[Records excerpted from a collection]
__________
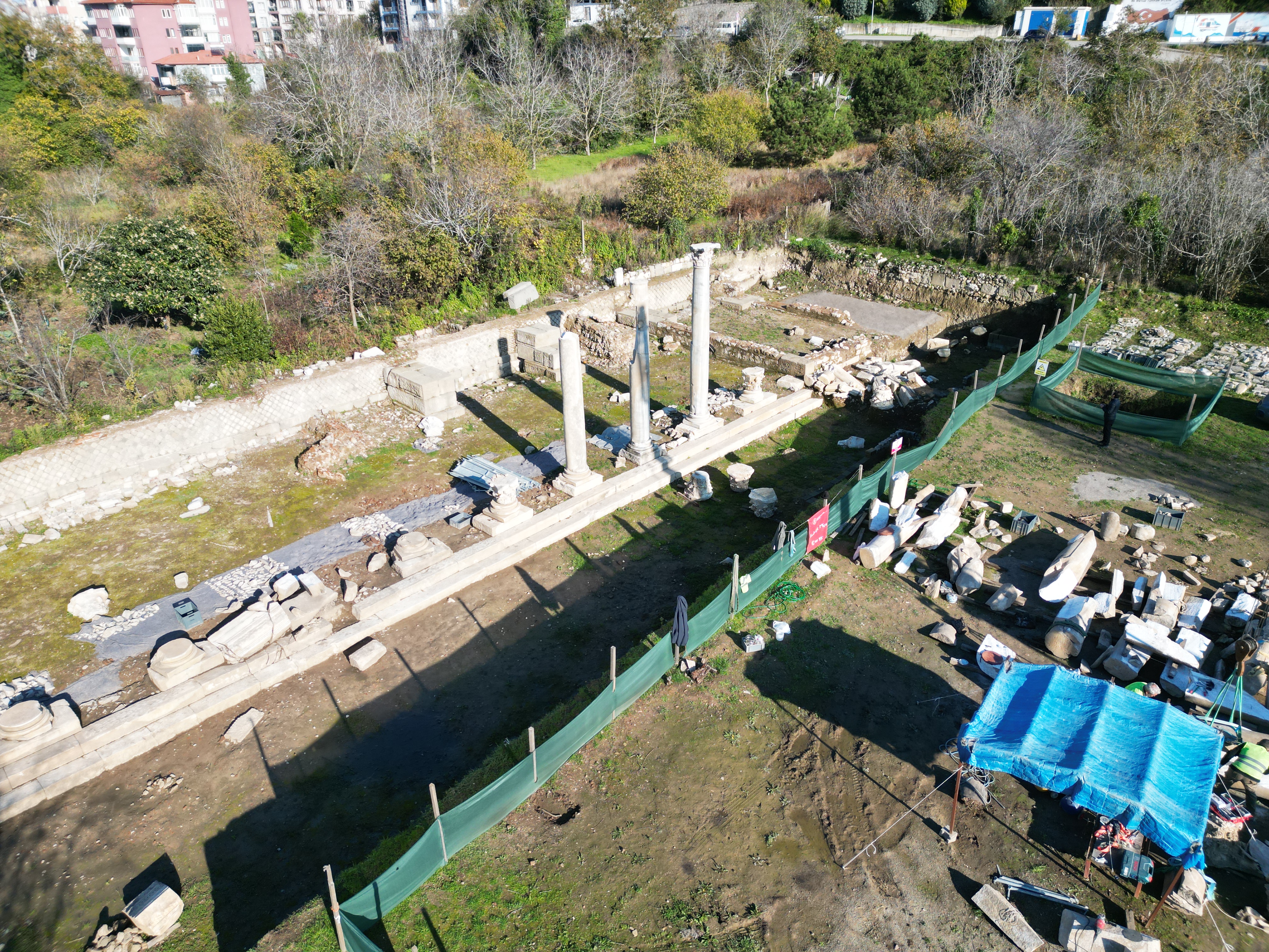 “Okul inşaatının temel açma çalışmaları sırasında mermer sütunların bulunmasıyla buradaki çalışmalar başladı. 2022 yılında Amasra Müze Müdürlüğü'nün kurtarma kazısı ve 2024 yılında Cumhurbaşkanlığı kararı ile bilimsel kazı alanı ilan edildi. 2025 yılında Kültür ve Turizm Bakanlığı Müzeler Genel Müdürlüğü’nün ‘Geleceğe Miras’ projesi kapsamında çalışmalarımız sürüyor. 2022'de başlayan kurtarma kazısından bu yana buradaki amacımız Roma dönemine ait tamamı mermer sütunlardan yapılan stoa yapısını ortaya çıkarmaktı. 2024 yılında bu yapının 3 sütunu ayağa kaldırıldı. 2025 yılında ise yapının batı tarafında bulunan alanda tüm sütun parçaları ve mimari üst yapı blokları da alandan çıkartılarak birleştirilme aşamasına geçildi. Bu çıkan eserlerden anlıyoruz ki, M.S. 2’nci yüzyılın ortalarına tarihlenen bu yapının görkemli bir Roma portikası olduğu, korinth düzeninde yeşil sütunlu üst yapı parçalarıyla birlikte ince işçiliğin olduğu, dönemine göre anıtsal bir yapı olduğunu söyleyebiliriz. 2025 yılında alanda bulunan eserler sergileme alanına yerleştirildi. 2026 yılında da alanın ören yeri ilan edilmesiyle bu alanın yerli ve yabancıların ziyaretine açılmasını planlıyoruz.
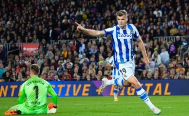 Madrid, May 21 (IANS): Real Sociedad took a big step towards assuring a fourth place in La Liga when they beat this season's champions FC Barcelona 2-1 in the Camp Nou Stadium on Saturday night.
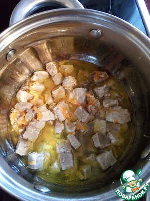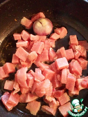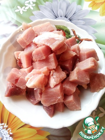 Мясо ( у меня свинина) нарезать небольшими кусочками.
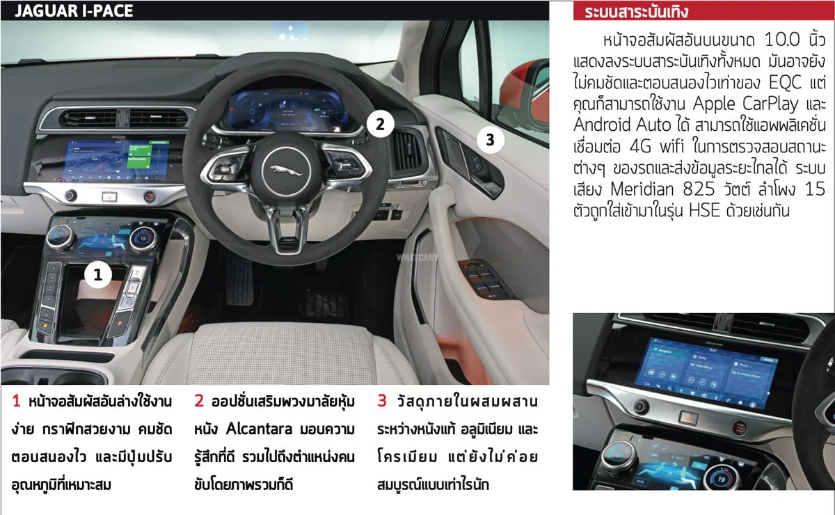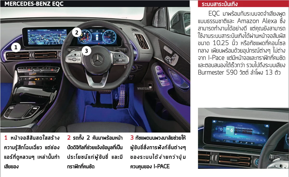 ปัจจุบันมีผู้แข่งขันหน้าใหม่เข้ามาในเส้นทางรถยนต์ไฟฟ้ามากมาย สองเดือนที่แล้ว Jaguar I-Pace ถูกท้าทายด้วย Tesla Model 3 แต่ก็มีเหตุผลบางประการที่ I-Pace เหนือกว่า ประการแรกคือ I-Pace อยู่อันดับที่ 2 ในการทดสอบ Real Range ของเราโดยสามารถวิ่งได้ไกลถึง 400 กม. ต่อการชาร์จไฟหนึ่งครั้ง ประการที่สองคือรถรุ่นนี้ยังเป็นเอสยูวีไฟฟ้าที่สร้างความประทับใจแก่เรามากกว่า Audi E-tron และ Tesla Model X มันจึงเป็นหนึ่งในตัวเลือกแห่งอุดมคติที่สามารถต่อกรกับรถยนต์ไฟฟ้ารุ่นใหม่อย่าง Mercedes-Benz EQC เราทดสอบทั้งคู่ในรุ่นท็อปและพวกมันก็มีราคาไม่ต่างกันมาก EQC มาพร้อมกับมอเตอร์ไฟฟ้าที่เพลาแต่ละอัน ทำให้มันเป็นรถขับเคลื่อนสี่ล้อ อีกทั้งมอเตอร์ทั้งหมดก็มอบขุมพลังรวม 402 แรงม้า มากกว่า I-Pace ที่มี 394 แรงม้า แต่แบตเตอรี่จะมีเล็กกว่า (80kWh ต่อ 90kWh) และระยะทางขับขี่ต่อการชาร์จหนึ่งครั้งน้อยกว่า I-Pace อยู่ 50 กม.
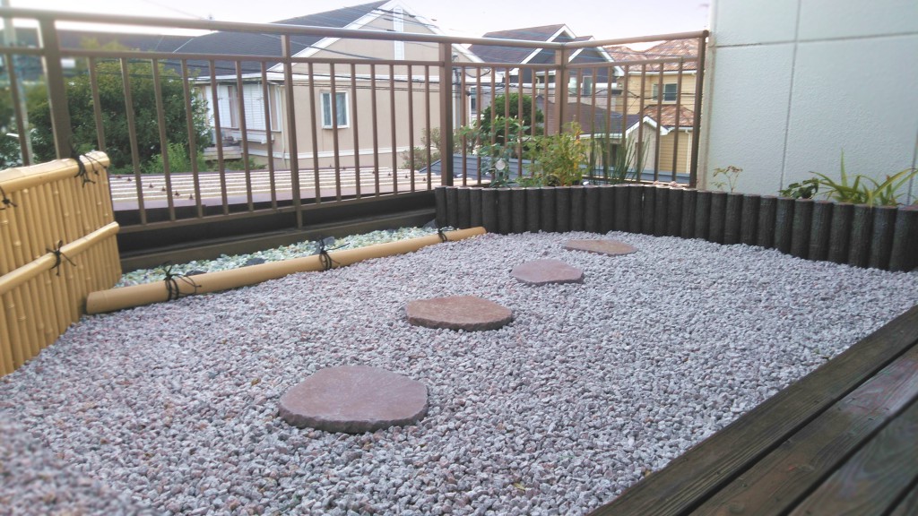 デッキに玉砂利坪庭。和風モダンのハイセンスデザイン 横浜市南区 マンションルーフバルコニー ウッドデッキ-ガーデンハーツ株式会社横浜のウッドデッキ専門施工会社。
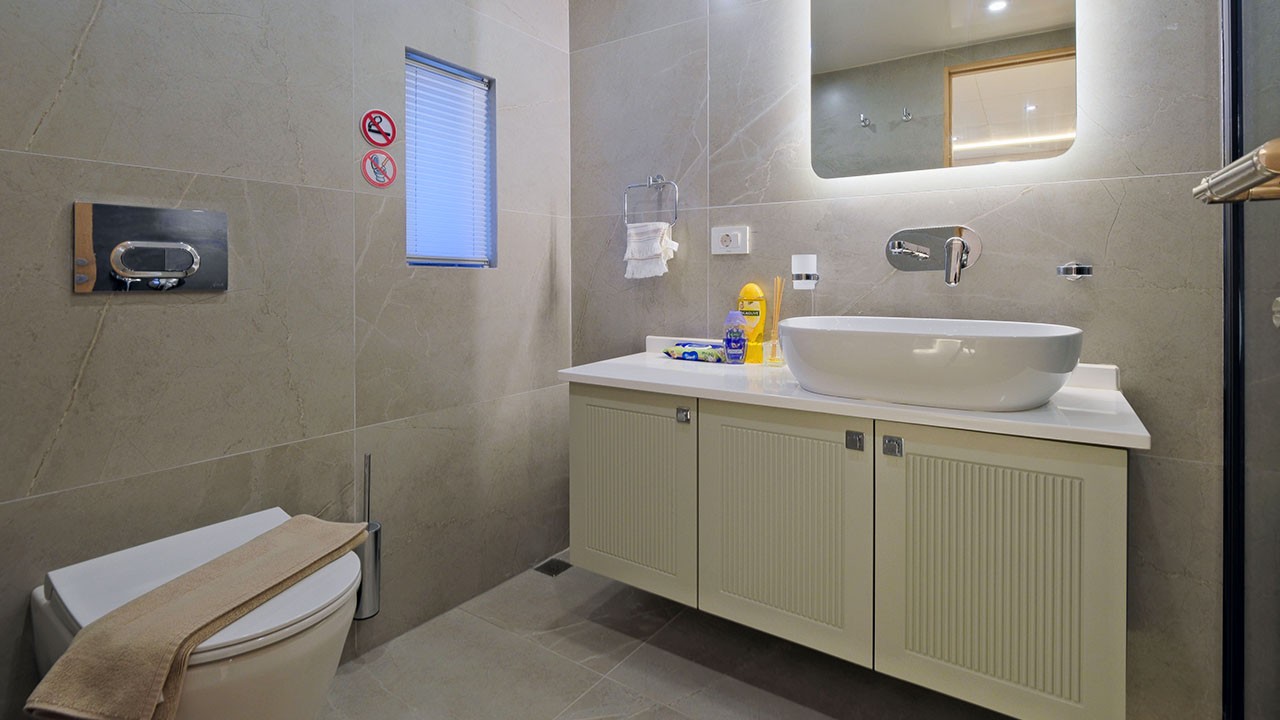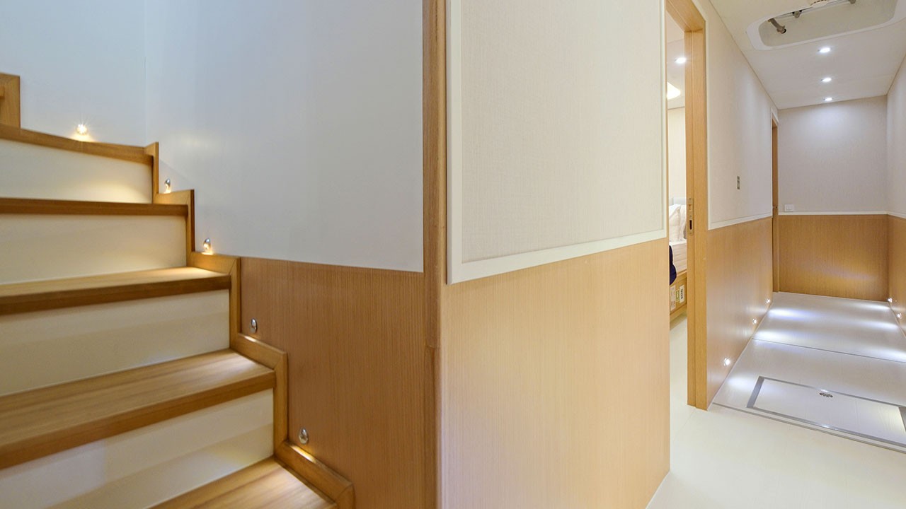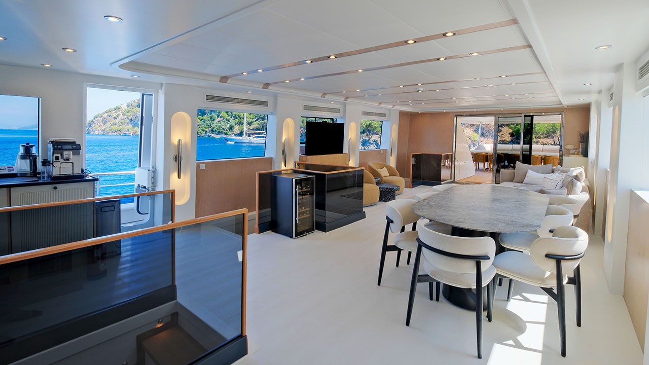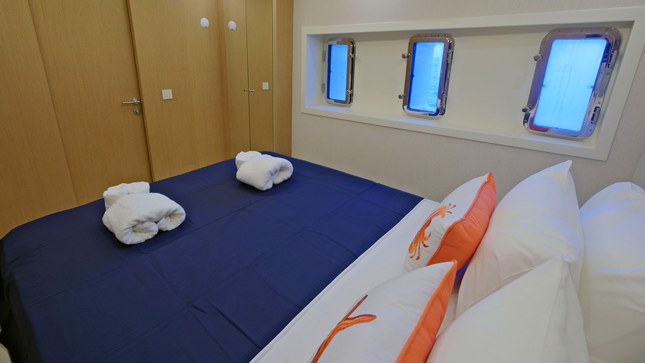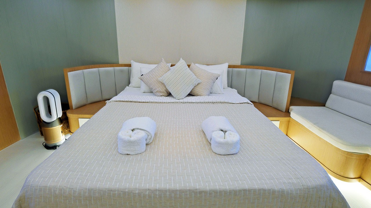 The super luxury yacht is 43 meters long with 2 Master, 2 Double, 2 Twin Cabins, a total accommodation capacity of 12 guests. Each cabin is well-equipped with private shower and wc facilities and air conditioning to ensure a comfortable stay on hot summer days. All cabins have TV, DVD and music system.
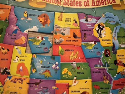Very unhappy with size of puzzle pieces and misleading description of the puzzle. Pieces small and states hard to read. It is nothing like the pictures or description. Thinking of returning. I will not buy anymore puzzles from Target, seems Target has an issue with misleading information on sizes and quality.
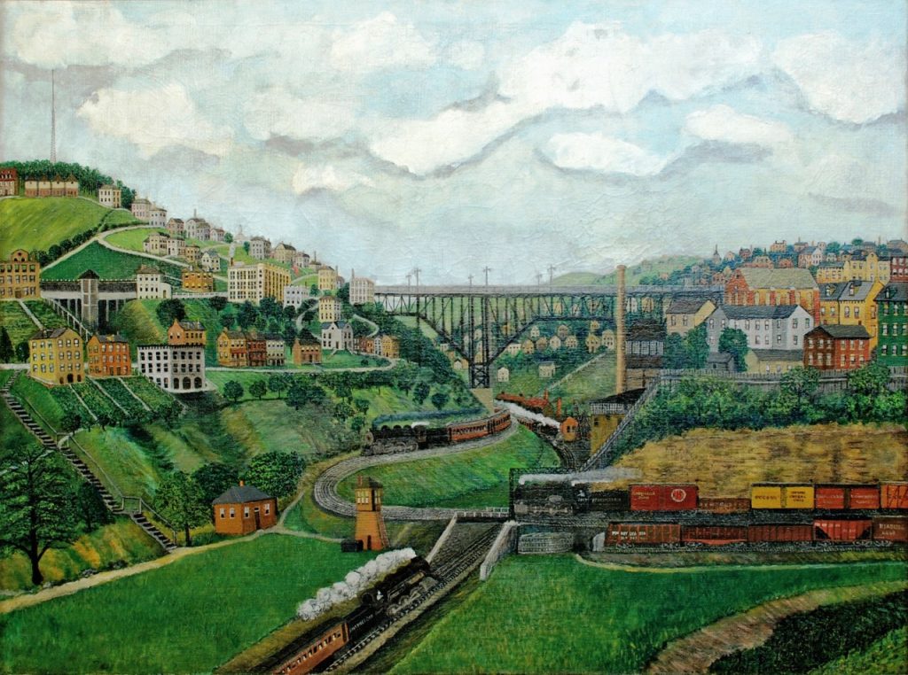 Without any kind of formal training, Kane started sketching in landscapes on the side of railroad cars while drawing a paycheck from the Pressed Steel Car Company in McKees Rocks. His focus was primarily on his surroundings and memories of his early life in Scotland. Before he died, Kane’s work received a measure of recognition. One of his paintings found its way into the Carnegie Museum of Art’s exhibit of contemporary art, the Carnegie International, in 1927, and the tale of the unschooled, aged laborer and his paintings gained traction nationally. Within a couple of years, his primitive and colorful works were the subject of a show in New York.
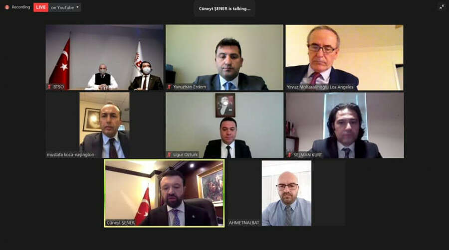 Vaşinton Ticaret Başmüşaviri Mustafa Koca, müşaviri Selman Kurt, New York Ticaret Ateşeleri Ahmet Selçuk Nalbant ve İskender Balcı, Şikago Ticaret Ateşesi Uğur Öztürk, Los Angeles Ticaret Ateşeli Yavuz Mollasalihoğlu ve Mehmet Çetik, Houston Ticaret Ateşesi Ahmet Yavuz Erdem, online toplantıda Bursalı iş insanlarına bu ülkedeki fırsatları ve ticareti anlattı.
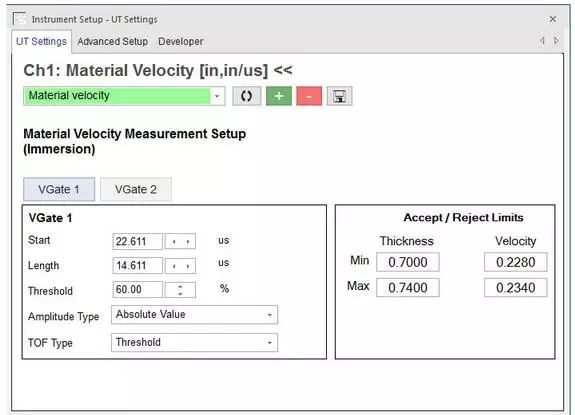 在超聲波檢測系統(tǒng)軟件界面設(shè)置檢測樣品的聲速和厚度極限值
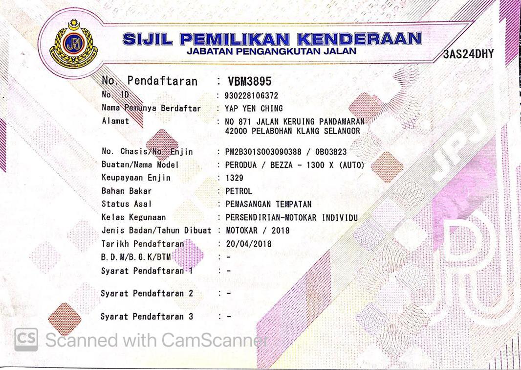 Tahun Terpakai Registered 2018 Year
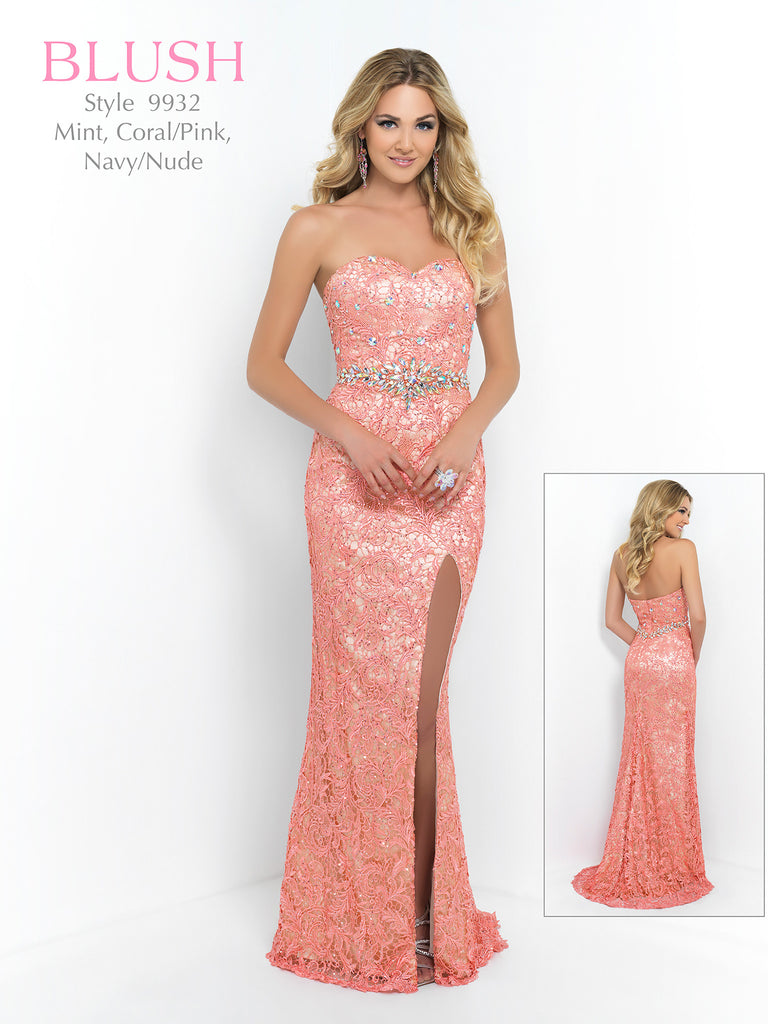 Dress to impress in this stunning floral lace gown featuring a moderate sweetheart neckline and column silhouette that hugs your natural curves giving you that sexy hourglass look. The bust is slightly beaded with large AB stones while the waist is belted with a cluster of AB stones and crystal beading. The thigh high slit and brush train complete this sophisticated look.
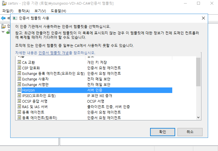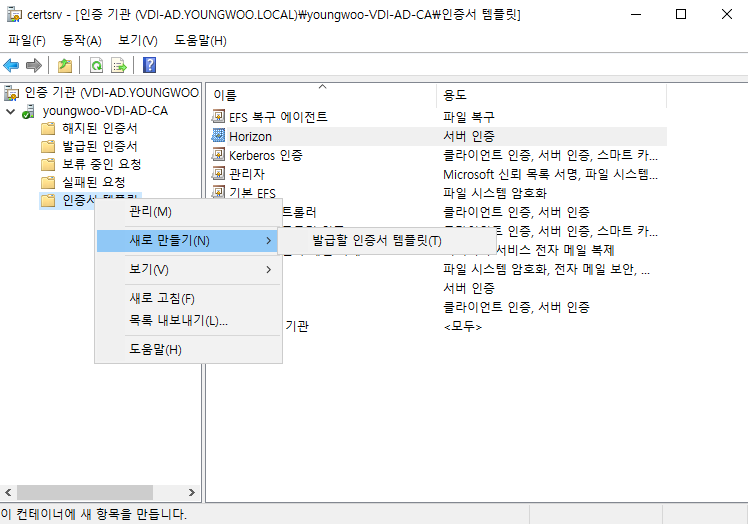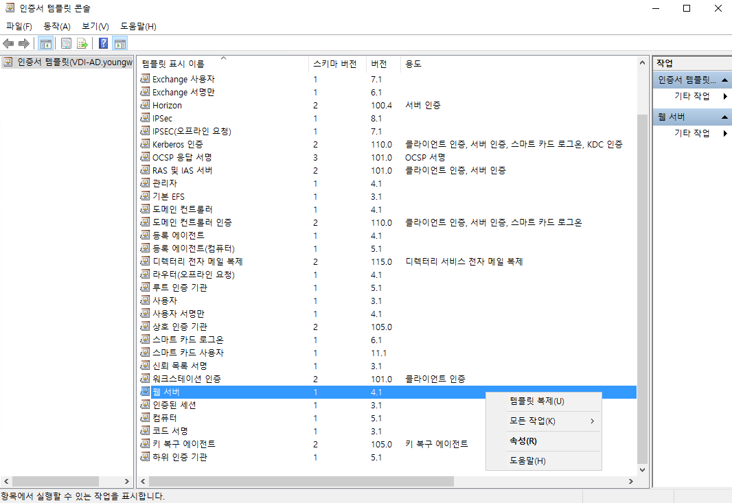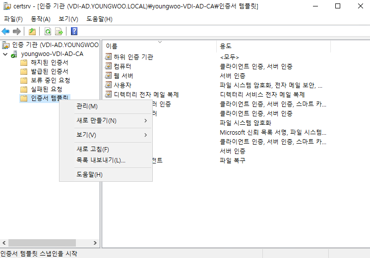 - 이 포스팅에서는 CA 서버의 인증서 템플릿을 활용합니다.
__________
EXERCISE:
Please output exactly the lines of the data above, from its first line through the line with "デッキに玉砂利坪庭。和風モダンのハイセンスデザイン 横浜市南区 マンションルーフバルコニー", and nothing else; drop the pictures.

SOLUTION:
 “Okul inşaatının temel açma çalışmaları sırasında mermer sütunların bulunmasıyla buradaki çalışmalar başladı. 2022 yılında Amasra Müze Müdürlüğü'nün kurtarma kazısı ve 2024 yılında Cumhurbaşkanlığı kararı ile bilimsel kazı alanı ilan edildi. 2025 yılında Kültür ve Turizm Bakanlığı Müzeler Genel Müdürlüğü’nün ‘Geleceğe Miras’ projesi kapsamında çalışmalarımız sürüyor. 2022'de başlayan kurtarma kazısından bu yana buradaki amacımız Roma dönemine ait tamamı mermer sütunlardan yapılan stoa yapısını ortaya çıkarmaktı. 2024 yılında bu yapının 3 sütunu ayağa kaldırıldı. 2025 yılında ise yapının batı tarafında bulunan alanda tüm sütun parçaları ve mimari üst yapı blokları da alandan çıkartılarak birleştirilme aşamasına geçildi. Bu çıkan eserlerden anlıyoruz ki, M.S. 2’nci yüzyılın ortalarına tarihlenen bu yapının görkemli bir Roma portikası olduğu, korinth düzeninde yeşil sütunlu üst yapı parçalarıyla birlikte ince işçiliğin olduğu, dönemine göre anıtsal bir yapı olduğunu söyleyebiliriz. 2025 yılında alanda bulunan eserler sergileme alanına yerleştirildi. 2026 yılında da alanın ören yeri ilan edilmesiyle bu alanın yerli ve yabancıların ziyaretine açılmasını planlıyoruz.
 Madrid, May 21 (IANS): Real Sociedad took a big step towards assuring a fourth place in La Liga when they beat this season's champions FC Barcelona 2-1 in the Camp Nou Stadium on Saturday night.
 Мясо ( у меня свинина) нарезать небольшими кусочками.
 ปัจจุบันมีผู้แข่งขันหน้าใหม่เข้ามาในเส้นทางรถยนต์ไฟฟ้ามากมาย สองเดือนที่แล้ว Jaguar I-Pace ถูกท้าทายด้วย Tesla Model 3 แต่ก็มีเหตุผลบางประการที่ I-Pace เหนือกว่า ประการแรกคือ I-Pace อยู่อันดับที่ 2 ในการทดสอบ Real Range ของเราโดยสามารถวิ่งได้ไกลถึง 400 กม. ต่อการชาร์จไฟหนึ่งครั้ง ประการที่สองคือรถรุ่นนี้ยังเป็นเอสยูวีไฟฟ้าที่สร้างความประทับใจแก่เรามากกว่า Audi E-tron และ Tesla Model X มันจึงเป็นหนึ่งในตัวเลือกแห่งอุดมคติที่สามารถต่อกรกับรถยนต์ไฟฟ้ารุ่นใหม่อย่าง Mercedes-Benz EQC เราทดสอบทั้งคู่ในรุ่นท็อปและพวกมันก็มีราคาไม่ต่างกันมาก EQC มาพร้อมกับมอเตอร์ไฟฟ้าที่เพลาแต่ละอัน ทำให้มันเป็นรถขับเคลื่อนสี่ล้อ อีกทั้งมอเตอร์ทั้งหมดก็มอบขุมพลังรวม 402 แรงม้า มากกว่า I-Pace ที่มี 394 แรงม้า แต่แบตเตอรี่จะมีเล็กกว่า (80kWh ต่อ 90kWh) และระยะทางขับขี่ต่อการชาร์จหนึ่งครั้งน้อยกว่า I-Pace อยู่ 50 กม.
 デッキに玉砂利坪庭。和風モダンのハイセンスデザイン 横浜市南区 マンションルーフバルコニー ウッドデッキ-ガーデンハーツ株式会社横浜のウッドデッキ専門施工会社。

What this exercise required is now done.